Synthesis of β(1–2)glucan in Rhizobium loti

Expression of Agrobacterium tumefaciens chvB virulence region
  • Viviana Lepek
  • Yolanda Navarro de Navarro
  • Rodolfo A. Ugalde
Original Papers

Abstract

Fast growing strains of Rhizobium loti isolated from nodules of Lotus tenuis of the flooding Pampas of Argentina produced cellular β(1–2)glucans having a higher degree of polymerization and more anionic substituents than β(1–2)glucans accumulated by Agrobacterium tumefaciens cells. Inner membranes of R. loti contained a 235 kDa β(1–2)glucan intermediate protein indistinguishable by polyacrylamide gel electrophoresis from the intermediate protein present in A. tumefaciens inner membranes. Incubation of inner membrannes of R. loti with UDP-Gle led to the formation of neutral β(1–2)glucans with a higher degree of polymerization than glucans formed by A. tumefaciens inner membranes.

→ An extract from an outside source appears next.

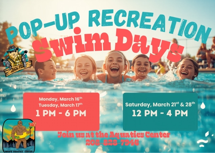 2 events,Join the Aquatic Center for a special pop-up recreation swim! On Monday, March 16th & Tuesday, March 17th from 1pm-6pm. Also on Saturday, March 21st & 28th from 12pm-4pm. For any questions, please call 208.828.7946.
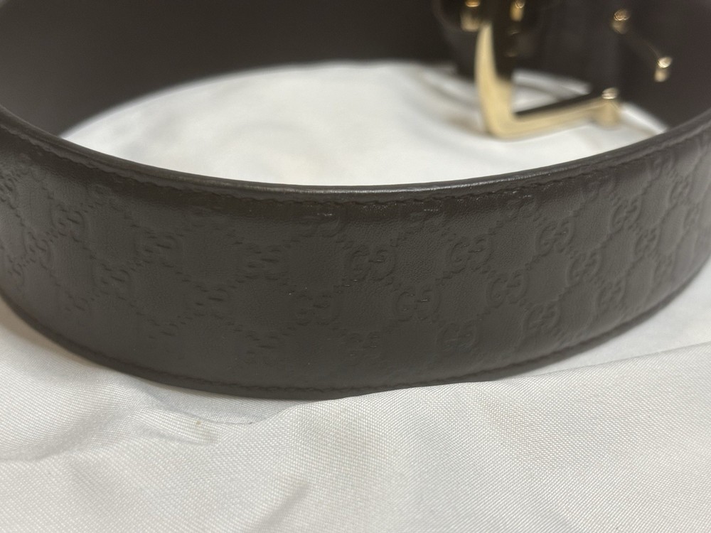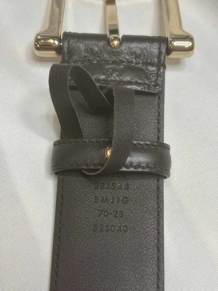 Gucci GG Guccissima Brown Leather Belt SZ 70/28 Authentic Gucci Guccissima Belt in dark brown embossed leather featuring the iconic interlocking GG monogram throughout. Finished with a sleek gold-tone buckle engraved with “Gucci,” this belt is both luxurious and understated. A classic piece made in Italy, perfect for everyday wear or elevating high-waisted looks. • Brand: Gucci • Size: 70/28 (Fits approx. US 24–25” waist) • Color: Dark Brown • Material: Leather • Hardware: Gold-tone • Condition: Very good pre-owned condition with minimal signs of wear. One extra hole has been added. Dust bag included. • Made in: Italy • Retail Price (est.): $395 – $495

Introduction in R. loti strains of plasmid pCD523 containing A. tumefaciens chvA and chvB virulence regions yielded strains that accumulated 4 times more cellular β(1–2)glucans than wild type cells. This glucan was, regarding anionic substitution and degree of polymerization, indistinguishable from A. tumefaciens β(1–2)glucans. Furthermore inner membranes of these R. loti exoconjugant cells contained higher levels of the 235 kDa β(1–2)glucan intermediate protein and formed in vitro 8 times more neutral β(1–2)glucan with a degree of polymerization corresponding to A. tumefaciens β(1–2)glucan than inner membranes isolated from wild type cells.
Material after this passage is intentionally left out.